● Your assignment:
Leaving out every picture, copy the lines of the material below exactly, from the line containing "Diamantgeschliffener Aluminium-Pulley: präzise" through the line containing "真野あんしん長寿相談所".

● Extracted information:
━━━━━━━━━━
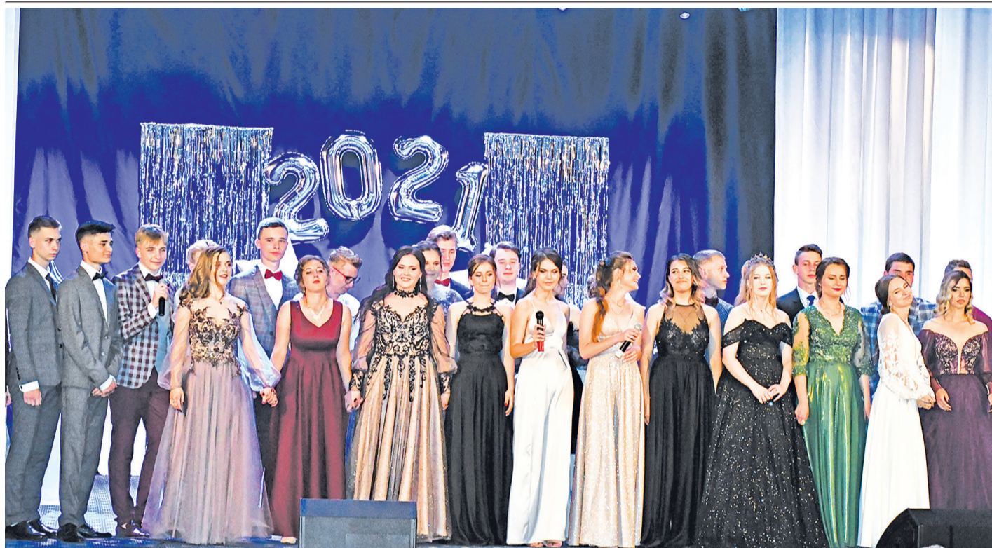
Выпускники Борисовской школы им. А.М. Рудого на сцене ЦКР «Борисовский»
━━━━━━━━━━
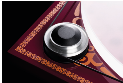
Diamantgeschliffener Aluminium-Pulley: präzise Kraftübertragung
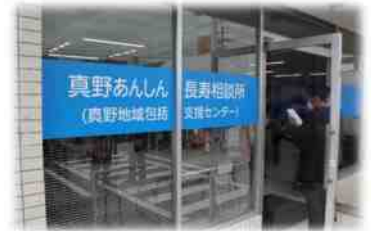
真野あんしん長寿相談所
━━━━━━━━━━
● Result of this exercise:
Diamantgeschliffener Aluminium-Pulley: präzise Kraftübertragung
真野あんしん長寿相談所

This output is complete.